A top Russian-language underground forum has been running a “contest” for the past month, calling on its community to submit “unorthodox” ways to conduct cryptocurrency attacks.

The forum’s administrator, in an announcement made on April 20, 2021, invited members to submit papers that assess the possibility of targeting cryptocurrency-related technology, including the theft of private keys and wallets, in addition to covering unusual cryptocurrency mining software, smart contracts, and non-fungible tokens (NFTs).

The contest, which is likely to continue till September 1, will see a total prize money of $115,000 awarded to the best research.

password auditor

“So far, the top candidates (according to forum member voting) include topics like generating a fake blockchain front-end website that captures sensitive information such as private keys and balances, creating a new cryptocurrency blockchain from scratch, increasing the hash rate speed of mining farms and botnets, and demonstrating a custom tool that parses logs for cryptocurrency artifacts from victim machines,” said Michael DeBolt, Intel 471’s Senior Vice President of Global Intelligence, in an email interview with The Hacker News.

Other entries looked at manipulating APIs from popular cryptocurrency-related services or decentralized-file technology to obtain private keys to cryptocurrency wallets as well as creating a phishing website that allowed criminals to harvest keys to cryptocurrency wallets and their seed phrases.
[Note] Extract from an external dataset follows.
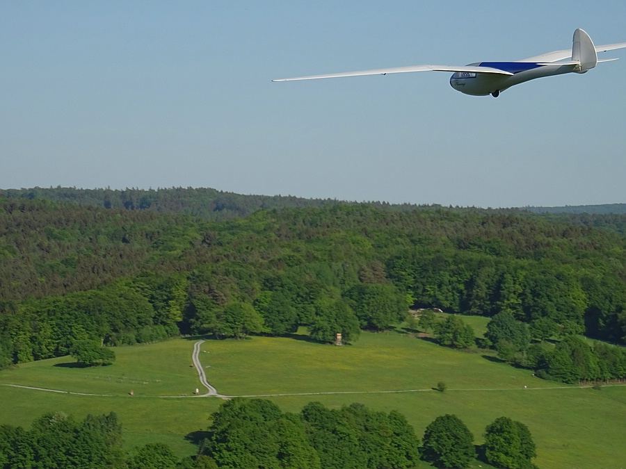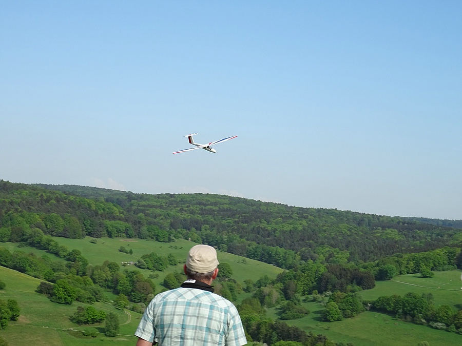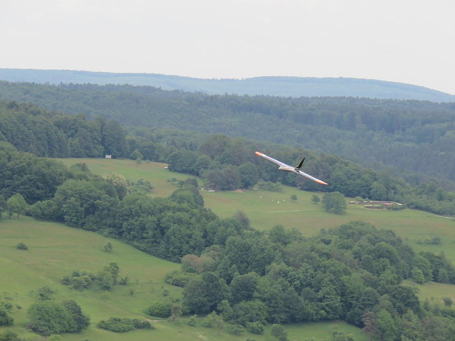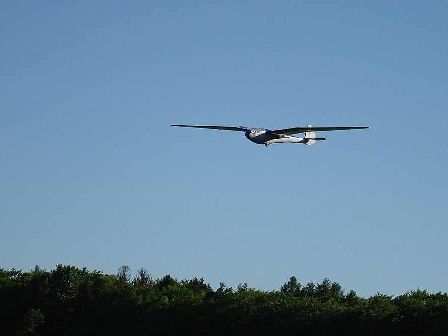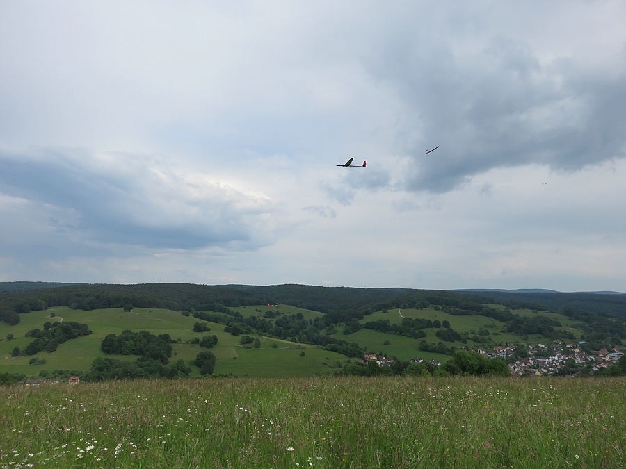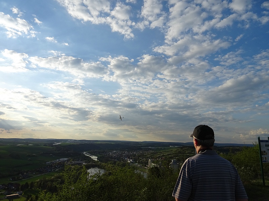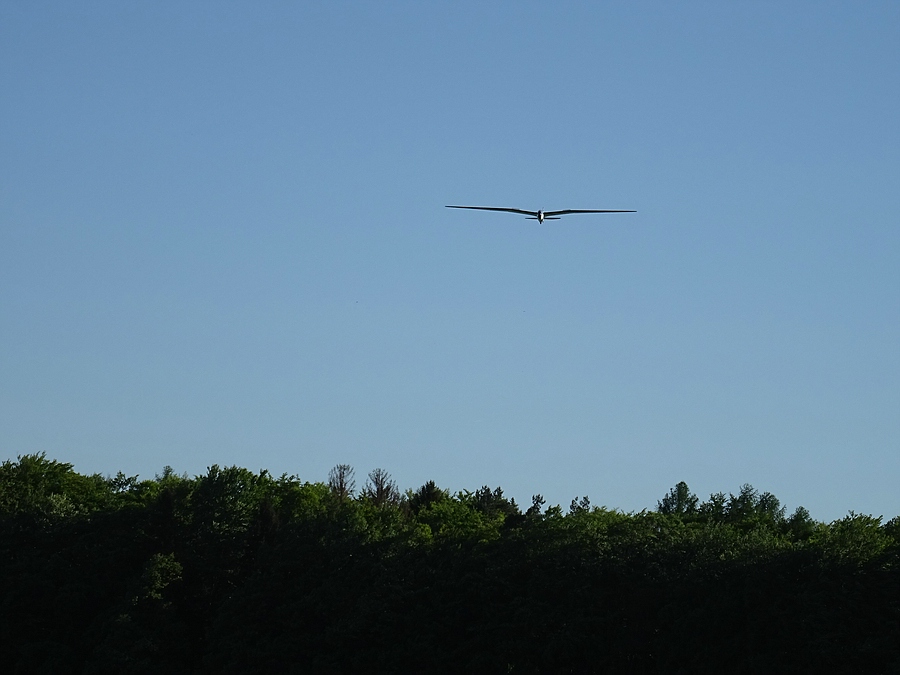 Zunächst kam die personentragende DG 1000 "Schloß Johannisburg" übern Pfaffenberg und dann kam tatsächlich eine Phase von etwa 20 Minuten mit schwachen Abendthermik-Ablösungen, die aber für meinen Shooter reichte um das Spessartsegler-Pflichtprogramm und ein bisschen mehr zu fliegen

Given the crucial role played by underground marketplaces like Hydra in enabling cybercrime groups to cash out their cryptocurrency haul, it’s plausible that methods that permit Ransomware-as-a-Service (RaaS) operators to step up pressure on victims and force them to give into their ransom demands could gain traction. But DeBolt noted that most entries so far have been about instructions or tools for how to plunder cryptocurrency assets, which are unlikely to be of any “immediate significant value” to RaaS cartels.

Although other instances of incentivized contests involving topics like mobile OS botnets, ATM and point-of-sale (PoS) exploits, and fake GPS signals have been observed before in the cybercrime underground, the latest development is yet another indication that criminals are increasingly exploring cutting-edge techniques to help further their motives.

“The biggest takeaway from the adversary side is that this type of incentivized knowledge-sharing bolsters the already interconnected and interdependent cybercrime underground by consolidating illicit resources in one place and making it easier for like-minded criminals who want to pursue cryptocurrency hacks by giving them a platform to collaborate, discuss and share ideas,” DeBolt said.

“Conversely, the biggest takeaway from the defender side is that we can take advantage of these open contests, to gain an understanding of current and emerging methodologies and tactics that we can prepare for. It illuminates things for us and helps to level the playing field,” he added.